Un' operazione del genere, sicuramente porterà nuovi lettori, ma ha senso portare nuovi lettori se se ne perdono di vecchi demolendo caratteristiche tipiche ed uniche del proprio lavoro? Trovo anche poco adatto il formato Bonelli alle variant. Negli Stati Uniti i fumetti vengono spesso pubblicati in esili spillatini, numerati solo in fronte e diversi di numero in numero, per poi essere solo dopo rilegati in volumi più o meno eleganti. Le loro variant non sempre sono così esclusive, sono ormai entrate di prepotenza nella loro logica di far fumetti e spesso chi si reca in fumetteria od edicola può scegliere quale albo del numero della sua serie preferita acquistare, quale copertina preferisce avere già all'uscita del numero regolare. Così arricchirà con l'illustrazione che più stimola il suo immaginario una collezione già in partenza molto più dinamica come stile grafico delle nostre. Questo non per una nostrana arretratezza, ma semmai per una concezione diversa e non inferiore di collezione personale. In america, i singoli albi, seppur impreziositi da mirabolanti copertine ed altro, sono originariamente considerati come prodotti usa e getta, per esser di facile diffusione e trasporto, per esser letti in pausa pranzo, a ricreazione o in metro senza troppi problemi. Anche se il tempo ha cambiato molte cose e i collezionisti impazziscono dietro ai singoli albi è sempre più frequente che questi spillatini siano poi rivenduti dai lettori per acquistare i volumi in cui sono ristampate le storie migliori di una collana. I volumetti Bonelli, invece, nascono già come eleganti volumi da libreria in miniatura, la cui veste è pensata per ottenere continuità formale e sostanziale dentro e fuori le sue pagine. Una volta riposti su uno scaffale non vi è discontinuità visiva e ogni serie ha un suo stile preciso e ragionato sia per grafiche che, appunto, per copertine. Tutto questo senza perdere le caratteristiche popolari dei formati d'oltreoceano. Quindi se qualcuno volesse fare il pignolo, dovrebbe per forza acquistare entrambi gli albi , quello regolare per avere una continuità completa nella collezione di una seria e la famigerata variant per avere la variant.

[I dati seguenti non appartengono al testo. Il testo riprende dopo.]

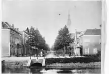 On a longtemps retenu l'idée d'une vue sur une maison promise à la démolition sur le Voldersgracht, prise depuis l'arrière de la « Mechelen », l'auberge de la place du Marché où avait habité Vermeer[2]. Il a cependant été prouvé que le peintre avait quitté l'auberge familiale dans le milieu des années 1650. Une hypothèse plus récente place alors cette vue dans la Nieuwe Langendijk, à côté du canal où Vermeer était en réalité installé à cette époque[3]. Si aucune preuve définitive ne permet à elle seule de trancher définitivement la question, un faisceau de présomptions a été avancé en faveur de cette dernière hypothèse, et plus précisément encore, entre les numéros 22 et 26. La démonstration s'appuie notamment sur le fait qu'il s'agit bien de maisons au bord d'un canal — en raison de la rigole d'écoulement qui va de la cour intérieure vers la ruelle —, prises de l'autre côté de celui-ci — par l'évaluation de la distance entre le peintre et son sujet —, et sur les caractéristiques architecturales des maisons de cette rue, aujourd'hui disparues, à partir des plans de l'époque.
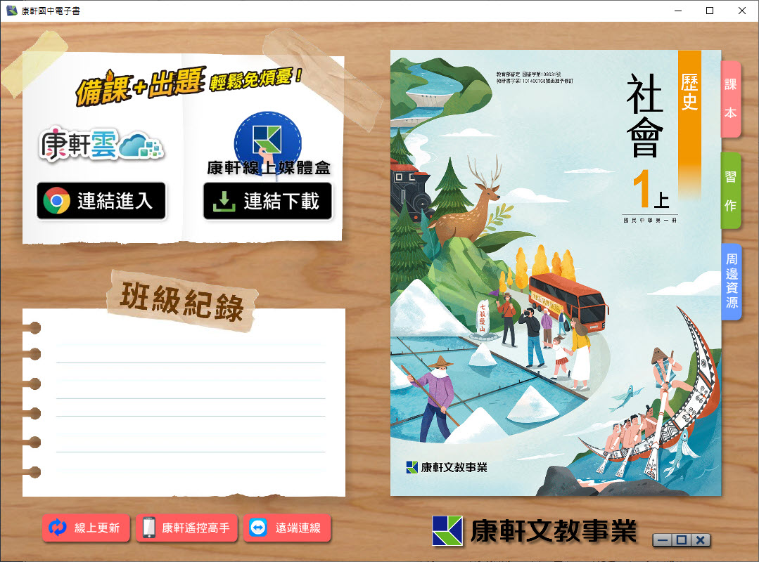 112學年上學期 國中 康軒版 歷史電子書 1年級(含課本、習作含解答、教學資源)教學光碟

Non ho mai apprezzato troppo, come si sarà ben capito fin'ora, il concetto stesso delle variant, quindi non vedo di buon'occhio delle variant pensate per pochi eletti. Anche se non si volesse concepire
produzioni di matrice popolari e cosiddette "per tutti", sarebbero più rivoluzionari ed efficaci nel raccogliere del nuovo pubblico prodotti che vadano a premiare chi davvero segue con "fedeltà" una casa editrice e non semplicemente chi può permetterselo. Immaginiamo magari illustrazioni collezionabili al posto delle variant (simili a quelle allegate al Tex Nuova Ristampa, perché no?) o variant disponibili per tutti, albi concepiti per chi fa ordinare una determinata quantità in edicola, fumetteria o dal sito di una casa editrice ed altro ancora. Sono solo esempi, alcuni forse impossibili, di quel che potrebbe essere una alternativa possibile alle attuali soluzioni che le varie case editrici trovano per far fronte alle loro necessità commerciali. È vero anche che è più facile percorrere strade già battute, ma la Sergio Bonelli non ha certo costruito il suo prestigio accodandosi al gregge degli editori, bensì rimanendo fortemente fedele ai propri principi,anche in quei momenti in cui questi apparivano più come una palla al piede che come un caratteristico vantaggio.

Semplicemente queste variant mi fanno scattare un campanello in testa, istintivamente mi appaiono come elementi insoliti per un dire che negli anni ha sempre girato al largo da certe manovre commerciali e credo che chiunque dovrebbe, almeno, convenire su questo punto,:sul fatto che, per come la si voglia pensare, è sicuramente una stranezza un po' fuori dal carattere Bonelli. Non saranno queste copertine né la rovina del fumetto italiano, né della Bonelli, anzi, solitamente aperture verso nuove forme dovrebbe essere considerate piuttosto positive, ma dalle mie parti si ama dire che è "meglio aver paura che buscarne" e non potevo evitare di esprimere la mia preoccupazione per una probabile nuova politica Bonelli, inquanto, come detto sopra, molto distante dall'idea popolare della casa editrice. Probabilmente, anzi sicuramente, non sarà così, non ci sarà nessuna nuova via e il mio sarà stato un timore inutile, ma ciò che questi albi speciali per Lucca mi comunicano è questo: una strada molto diversa da quella che ha reso così importante, prima che grande, la Sergio Bonelli Editore per il nostro fumetto.

Ci saranno eserciti d'invasati conservatori che saranno d'accordo con le mie parole, come plotoni di detrattori eccitati dalle novità, che già da tempo, stanno caratterizzando la casa editrice milanese in modo leggermente diverso e ci saranno tanti addetti ai lavori che mi assicureranno che era lo stesso Sergio (Bonelli, ovviamente) ad aver messo la sua firma su quelle scelte, ma in parte nessuno mi toglie dalla testa che la sua morte abbia come liberato dei cani in gabbia fin troppo repressi da un padrone amorevole, ma severo, editorialmente parlando. Spero solo di sbagliarmi, anche perché so bene che Sergio Bonelli non aveva mai avuto idee pedagogiche da affidare ai suoi fumetti, ma so anche quanto avesse bene in testa che tipo di fumetti dovessero essere, per motivi ben precisi e non per soli capricci di gusto, ma lo spero vivamente perché diversamente l'esistenza di questo editore nel nostro panorama non avrebbe più alcun senso e noi avremmo perso lo spirito del fumetto italiano, oltre che per una buona fetta di storia nazionale.